There was a specific method and approach to design for everything that Grechukin learned. Each art had it’s own system of rules on how to approach a specific artistic task. Grechukin learned every conceivable design methodology that was available to be learned and more importantly, he learned how an artist is supposed to approach and engage the design process properly. Although communism as we all know failed, the one thing it did very well was teach people, in whatever subject, extremely thoroughly and for that high-class design education, I as a pipe collector who enjoys looking at Grechukin’s work, am thoroughly grateful.
EARLY PIPE YEARS
Almost immediately, Vladimir fell in love with pipes. Somehow, the entire idea of creating a functional instrument appealed to him. He felt a strong connection to the act of making a pipe, mainly because he says: “It is my work, it is my pipe, it is my hands that are making this item. This type of personal freedom and at the same time responsibility, was thrilling to me.”
His teacher, Alexei Fyodorov, is described by Grechukin as more of a pipe-making pioneer as opposed to a full-fledged pipe making master. “Fyodorov was not on the level of Sixten for example, not even close.” Grechukin tells me. “You can however make an analogy to Fyodorov and Sixten in the sense that they were both pioneers.” Grechukin continued: “Fyodorov made all sorts of pipe shapes before, during and after the war. Whatever the world of pipes was at that time, Fyodorov definitely had full mastery of all of it’s aspects. He was an exceptional teacher and he allowed me to realize what briar’s potential was.”
FURTHER DESIGN GROWTH
Then came the 90’s. The berlin wall fell, communism was beginning to crumble and new ideas began flowing into the country. It was at this time that Vladimir took a break from pipes and focused his attention on something new, the graphic arts. In Vladimir’s own words: “We had absolutely no internet and very few computers at that time, however I kind of pushed myself into these new areas mainly because we now had the freedom to make our own decisions and my curiosity wanted to learn more about graphic art design.”
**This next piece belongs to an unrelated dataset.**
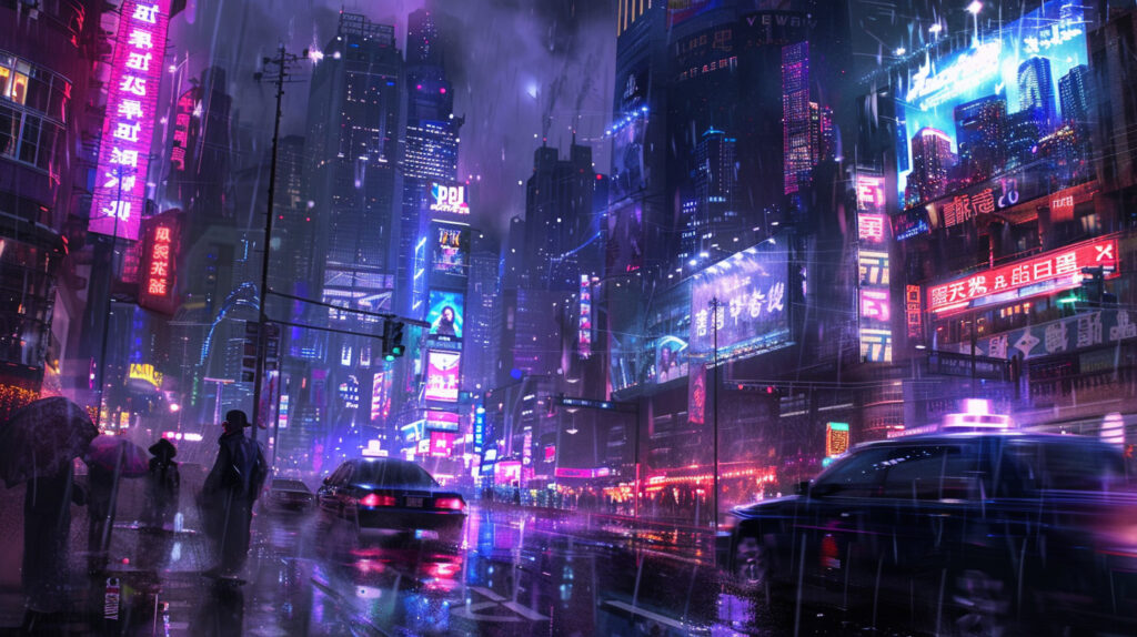 一方で、ネオン街(neon city)に強いウェイトを付けた画像では、都市の光や建物のディテールが圧倒的に強調されるようになります。

Vladimir grabs me by the shoulder and asks me to listen attentively, telling me: “You have to remember David, during the 60’s, 70’s and 80’s I had absolutely no competitors. There was nobody else making ‘creative’ pipes. We were all following a system of making pre-determined shapes. It was all the same. Without competitors, I was obviously not able to grow at all. Yes, I was getting many compliments all the time but this was life under communism. The compliments did not feel real to me. And so, when communism collapsed and we had the sudden flow of new information into our country, I immediately got curious about the graphic arts and seized upon the option to learn new design information. It was part rebellion, part something new for me to do. I jumped on the idea to enter an area where other people were working hard and making new creations.”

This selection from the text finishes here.